Related question: How to select rows with no matching entry in another table?
I was trying to select rows using this method and couldn't get it to work in SQLite. After a bit of wrangling it occurred to me that the reason might be that there are NULL values in some fields. Sure enough, I was right, and when I changed the =
to IS
in the query below things started behaving as expected:
CREATE TEMP TABLE newEvent(id INTEGER,t INTEGER,name,extra,extra2,extra3);
INSERT INTO newEvent(id,t,name,extra,extra2,extra3) VALUES
(0, 1376351146, 'TEST', NULL, NULL, NULL),
(0, 1376348867, 'OLD', NULL, NULL,NULL);
SELECT n.id,n.t,n.name,n.extra,n.extra2,n.extra3 FROM newEvent n
LEFT JOIN event E ON n.t = E.t AND n.name IS E.name
AND n.extra IS E.extra;
AND n.extra2 IS E.extra2;
AND n.extra3 IS E.extra3
WHERE E.id IS NULL;
DROP TABLE newEvent;
In the above example, there is an existing record in table event
with name='OLD'
. The newEvent
table is defined the same as the original event
table.
However, I noticed a BIG problem: my query was now taking almost 30 seconds to run!
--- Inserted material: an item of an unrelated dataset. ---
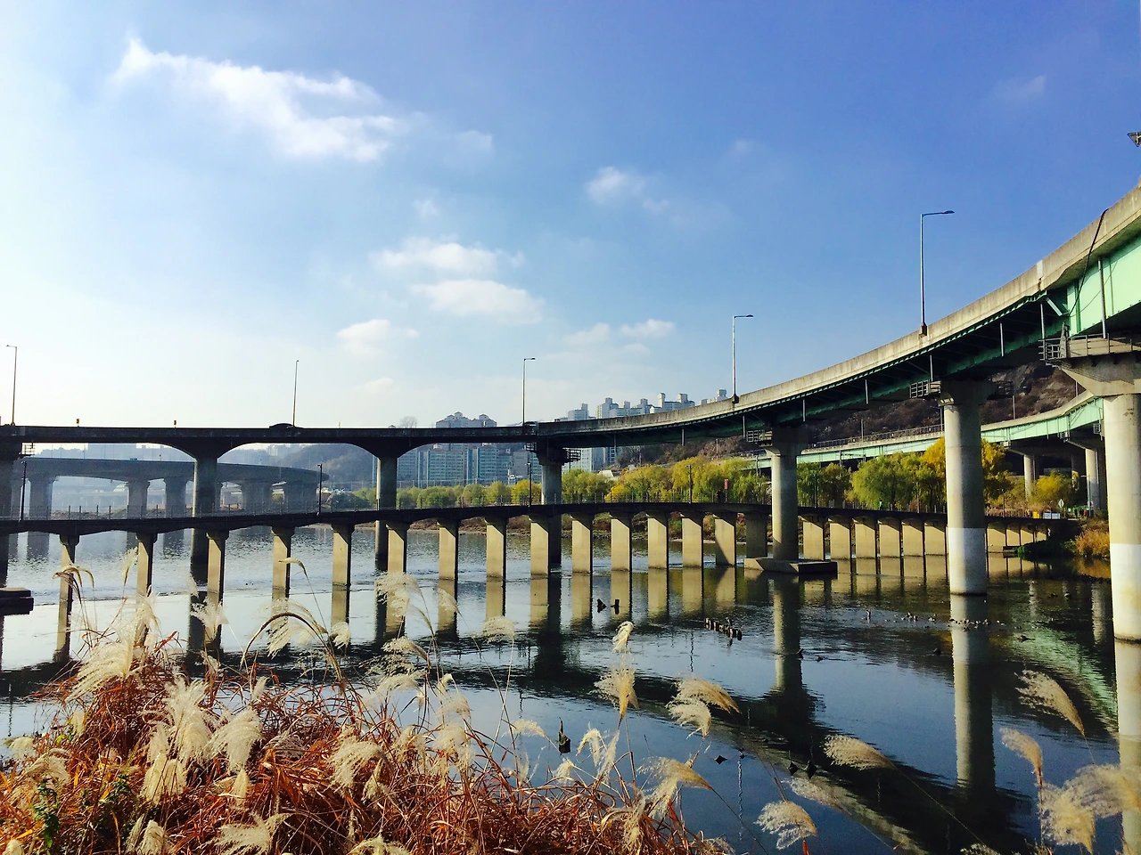 하지만 이 지나가던 길에 발견한 장면들은 그동안 제가 모르고 살던 것들이었습니다. 다리 위를 자동차로 지날 때 이 다리는 단순히 강을 넘기 위한 수단이지만 다리 아래에서 보니 꽤나 아름다운 그림이었고 자전거로 산을 관통할 수 있는 동굴이 있다는 것도 새롭게 알게 되었죠. 이제 막 터지기 시작한 한강시민공원의 코스모스들은 한여름처럼 땀에 젖은 제게 가을이 왔음을 알려주었습니다. 이 풍경을 '조금 더, 조금 더' 보자며 무거운 페달을 밟을 수 있었습니다.

If I change only the n.name IS E.name
to n.name = E.name
but leave all the other IS
es as-is, then the query only takes around 400ms. (There are around 3 million records in table event
.)
Why the big difference in performance? It turns out I can actually use =
instead of IS
for the name
comparison because it is never null, but if it ever were to be NULL it seems like this would break. Conversely, I am concerned that at some point the query might start running slow, since I don't understand what it is about name
that makes the equality query run so much faster. My guess is that maybe SQLite somehow knows that there are nulls in the extra fields and is able to optimize but I would like something a bit more firm than a wild guess.
As far as I can tell, IS
is simply =
with the additional provisio that it will treat NULL comparisions the same as if they were empty strings (assuming there are no actual empty strings to compare). So why is using =
on the name field 75 times faster, but has no effect on performance on the extra fields???